*Required work*. For this exercise, repeat exactly the lines below starting at the line holding "תיק גב אלגנטי" and ending at the line holding "对此,小鹏汽车副总裁发文回应", both included, with no extra lines and no pictures.

*Input data*.
::::::::

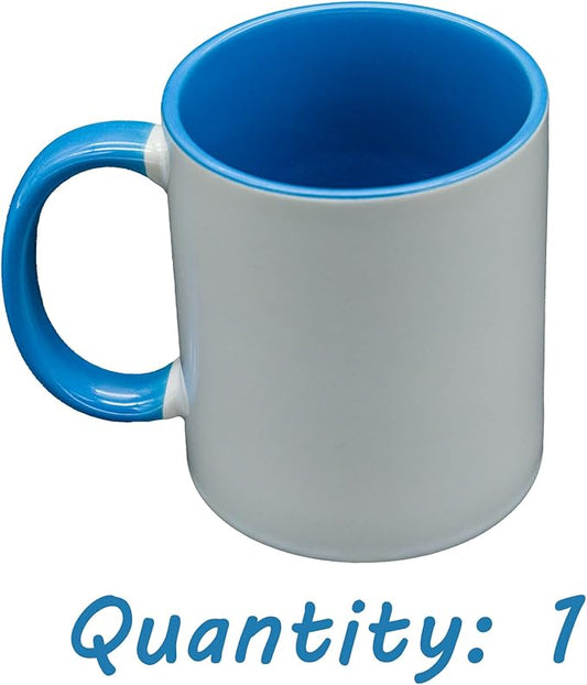 Sublimation Mugs 11 Oz, Light Blue Inner Handle - Premium Coffee Cups for Heat Press Projects - Versatile Coffee Mug Design Ideal for Personalized Creations, 1 Piece Set
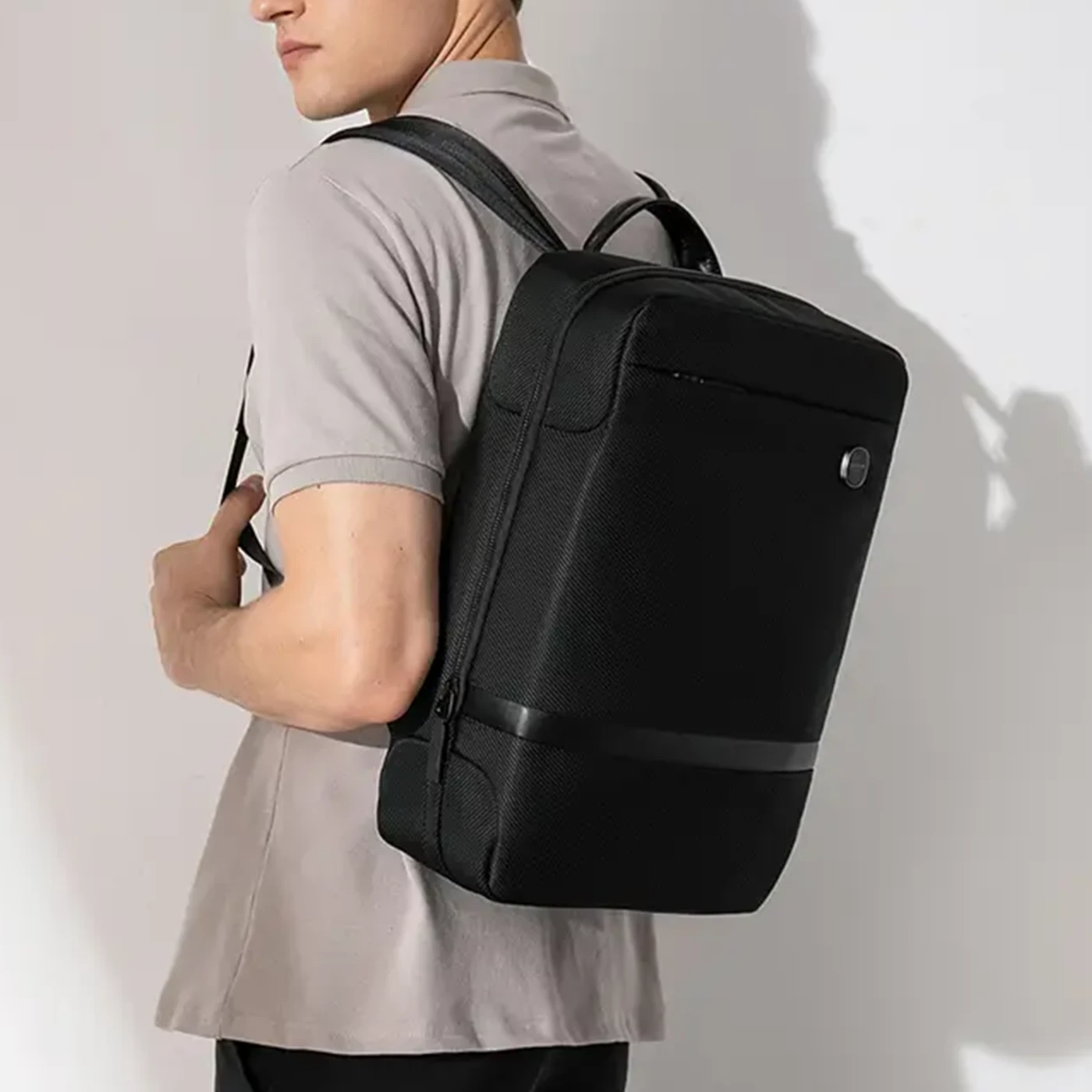 תיק גב אלגנטי ומינימליסטי לעסקים, עשוי מבד עמיד למים עם תאי אחסון פונקציונליים, רצועה לטרולי ותא למחשב נייד עד 15.6 אינץ'. מתאים לנסיעות, עבודה ושימוש יומיומי.
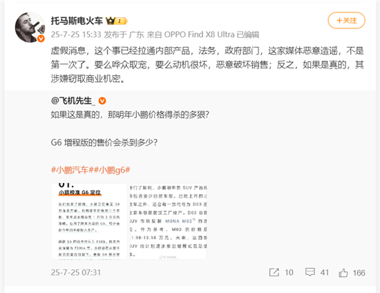 对此,小鹏汽车副总裁发文回应称:“虚假消息,这个事已经拉通内部产品,法务,政府部门。这家媒体恶意造谣,不是第一次了。要么哗众取宠,要么动机很坏。”
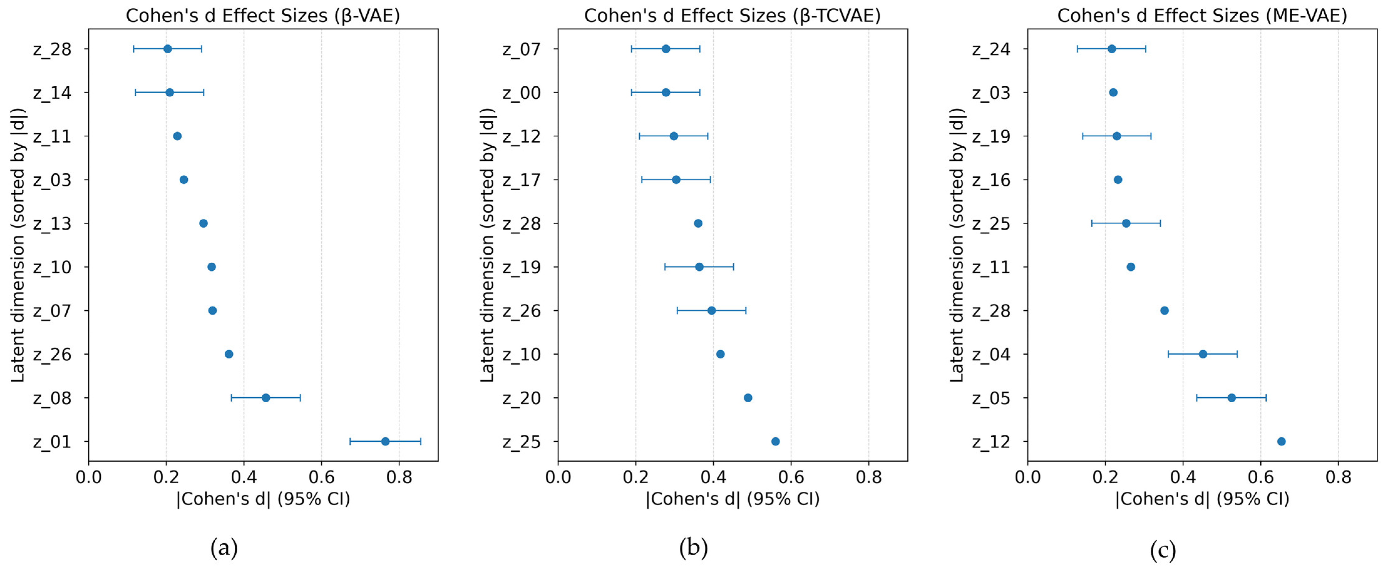 Forest plots of Cohen’s d effect sizes across latent dimensions for control and magnetic-nanoparticle (MNP)-treated macrophages: the (a) β-VAE, (b) β-TCVAE, and (c) ME-VAE. Error bars represent 95% confidence intervals.
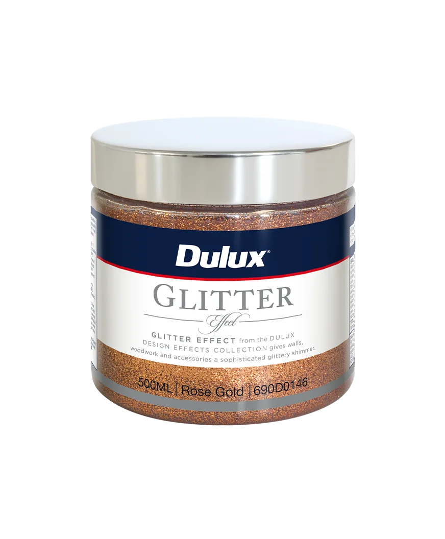 Let the sophisticated Rose Gold Glitter Effect from the Dulux Design Effects Collection elegantly enhance your walls, furniture and accessories with a delicate shimmer.
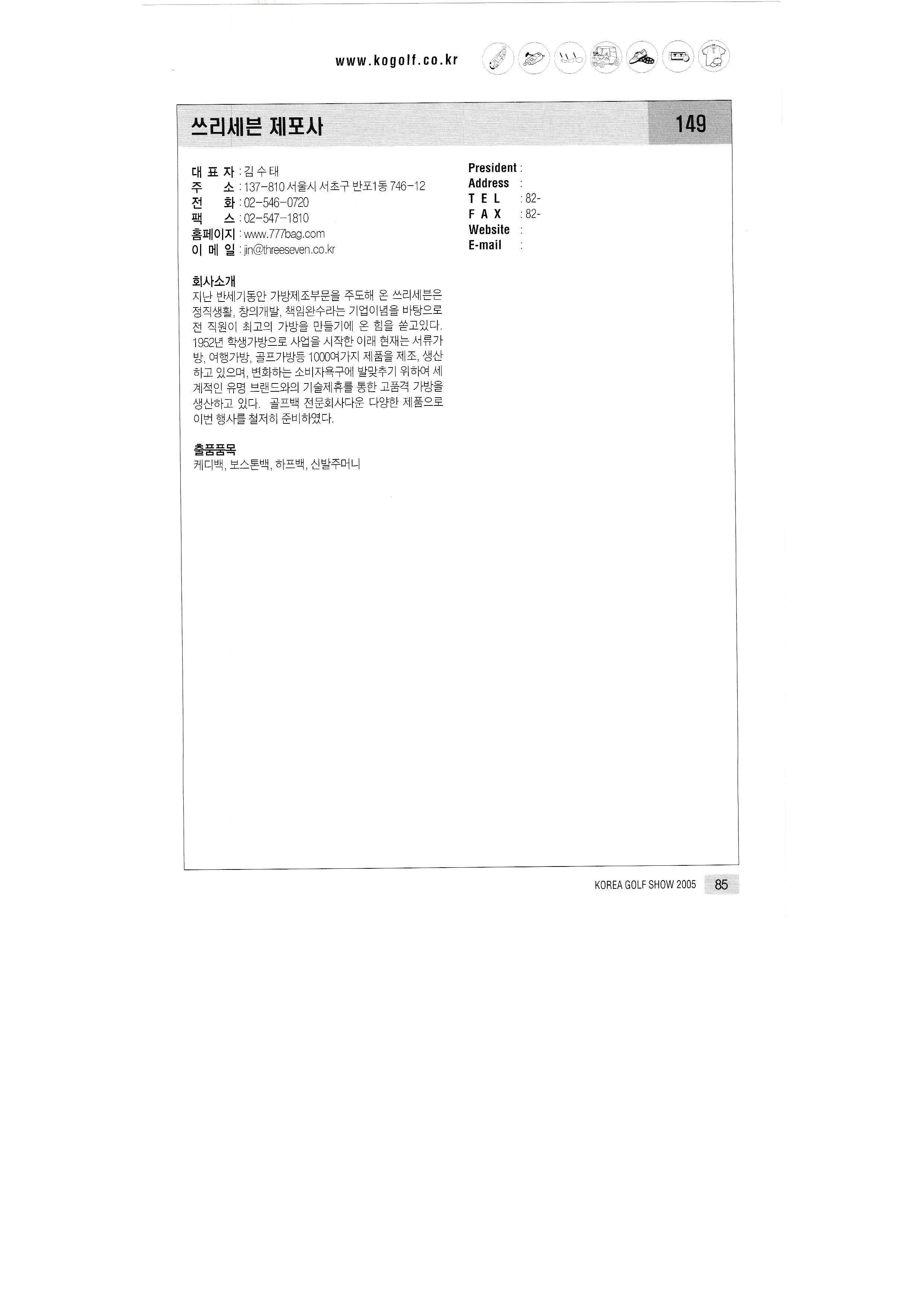 | 쓰리세븐 제포사 ㈜씨엔에스 인터내셔날 씨지텍주식회사 아름다운텍스㈜ 아이랭스필드㈜ 에버그린엠에스티㈜ ㈜에스케이비 케이스 에이스샵21 에이알 스포츠 엠프로골프 영상 코퍼레이션 영신양산 영엔영(백보이코리아) 영풍정밀㈜ ㈜예스퍼터코리아 옥이랑옥창고 월터제뉴인코리아 위즈스포츠 유미 골프텍 ㈜유신모자 이글아이드 이문산업 21세기컨설팅주식회사 이지스포츠총판 ㈜일광기공 ㈜잔디로 재이손산업주식회사 제이엔디테크 ㈜제이엠스포텍 제인통상주식회사 조이시아 좋은생각 ㈜줌테크 지브이골프코리아 지-에치 레포츠 진성스포츠 진일스포츠 창선골프 청풍 청풍교역㈜ 칠칠공예사 ㈜카타나골프 |

::::::::

*Task solution*.
 תיק גב אלגנטי ומינימליסטי לעסקים, עשוי מבד עמיד למים עם תאי אחסון פונקציונליים, רצועה לטרולי ותא למחשב נייד עד 15.6 אינץ'. מתאים לנסיעות, עבודה ושימוש יומיומי.
 对此,小鹏汽车副总裁发文回应称:“虚假消息,这个事已经拉通内部产品,法务,政府部门。这家媒体恶意造谣,不是第一次了。要么哗众取宠,要么动机很坏。”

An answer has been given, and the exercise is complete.